As early as 1993, the General Assembly of the United Nations had asked the International law commission to work on the draft of a convention for the creation of such a jurisdiction. On July 17, 1998, the proceedings came to an end with the adoption by 120 States of the Rome Statute of the International Criminal Court (ICC). The preamble of the Statute underlines the relationship between justice and peace, impunity for the most serious crimes being an obstacle to the return of a lasting peace. The idea that by fighting impunity one prevents the commission of such crimes in the future is also enshrined in the Statute. The Statute became effective on July 1st, 2002, once it was ratified by 60 countries, and turned the main principles of international criminal law into norms of conventional value. The Court has jurisdiction over the crime of genocide, crimes against humanity, crimes of aggression (although the notion is not defined as of today), as well as over war crimes, provided they were committed after July 1st, 2002, when the Statute became effective.

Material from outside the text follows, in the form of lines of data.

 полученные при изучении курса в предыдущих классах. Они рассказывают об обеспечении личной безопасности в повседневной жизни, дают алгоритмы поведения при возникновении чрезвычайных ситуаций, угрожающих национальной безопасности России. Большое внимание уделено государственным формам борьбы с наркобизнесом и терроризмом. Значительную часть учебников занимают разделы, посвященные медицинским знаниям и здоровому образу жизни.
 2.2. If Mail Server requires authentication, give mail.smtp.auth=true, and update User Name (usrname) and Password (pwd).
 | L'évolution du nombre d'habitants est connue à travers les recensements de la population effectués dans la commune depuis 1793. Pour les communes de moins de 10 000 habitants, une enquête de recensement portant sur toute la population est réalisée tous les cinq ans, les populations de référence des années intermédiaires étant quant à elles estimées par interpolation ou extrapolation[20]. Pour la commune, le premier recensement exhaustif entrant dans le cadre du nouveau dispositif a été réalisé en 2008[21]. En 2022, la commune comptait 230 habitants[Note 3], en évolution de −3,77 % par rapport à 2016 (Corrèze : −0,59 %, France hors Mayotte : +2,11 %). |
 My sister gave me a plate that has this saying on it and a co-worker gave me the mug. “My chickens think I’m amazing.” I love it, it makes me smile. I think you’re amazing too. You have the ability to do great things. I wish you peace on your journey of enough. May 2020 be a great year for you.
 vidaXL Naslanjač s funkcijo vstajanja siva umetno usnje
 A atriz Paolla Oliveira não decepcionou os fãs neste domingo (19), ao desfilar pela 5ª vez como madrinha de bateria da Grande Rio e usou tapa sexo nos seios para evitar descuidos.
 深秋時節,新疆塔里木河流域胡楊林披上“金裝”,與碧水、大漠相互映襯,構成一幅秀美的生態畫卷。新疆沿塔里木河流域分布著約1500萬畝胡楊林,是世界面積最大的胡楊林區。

However, in some cases, the international-only answer to judiciary post-conflict issues is not always fit. This observation led to the creation of internationalized jurisdictions giving improved consideration to national issues. These jurisdictions, in which both international and national judges sit, allow for a better acknowledgment of the victims and of their suffering. Moreover, according to experts, these systems allow for a faster, more efficient and less expensive justice. The Special Court for Sierra Leone (SCSL), created in July 2002, was the first of the kind. The court is the result of an agreement between the United Nations and the authorities of Sierra Leone that was ratified by the Parliament and is now part of the national judiciary system even though it benefits from heavy international backing. The same was done for Cambodia in March of 2003 with the Extraordinary Chambers inside the Courts of Cambodia (ECCC).

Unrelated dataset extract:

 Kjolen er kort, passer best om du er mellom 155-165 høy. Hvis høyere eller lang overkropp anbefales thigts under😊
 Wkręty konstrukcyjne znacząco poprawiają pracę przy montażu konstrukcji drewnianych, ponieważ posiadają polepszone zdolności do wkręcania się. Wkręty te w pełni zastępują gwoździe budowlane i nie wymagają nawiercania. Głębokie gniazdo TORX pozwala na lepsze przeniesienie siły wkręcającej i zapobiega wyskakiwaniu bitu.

Another solution that emerged was the one chosen 1999, in Kosovo, by the Security Council who gave the United Nations Interim administration mission (UNMIK) the power over the judiciary authorities of Kosovo, in particular to prosecute the most serious crimes. In 2000, in East Timor, the Special Panels were set up by the United Nations Transitional administration in East Timor (UNTAET) to judge serious crimes committed during the conflict.

Recently, a Special tribunal for Lebanon was created by the Security Council on May 30, 2007, in order to judge the people involved in the assassination of, among others, former Prime Minister Rafic Hariri.

Truth and reconciliation commissions

A criminal-only answer to atrocities committed in conflicts has turned out to be insufficient where rebuilding a social network that has been destroyed by years of war and restore a national peace is at stake. The issue of reconciling former enemies and teaching them to live together again requires collective recovery mechanisms, which is something that tribunals do not offer. This is the reason why, in the last twenty years, the use of truth and reconciliation commissions has increased in post-conflict societies. With them, a new aspect of transitional justice arose, with no judges or tribunals, and giving the victims a more important role in the proceedings.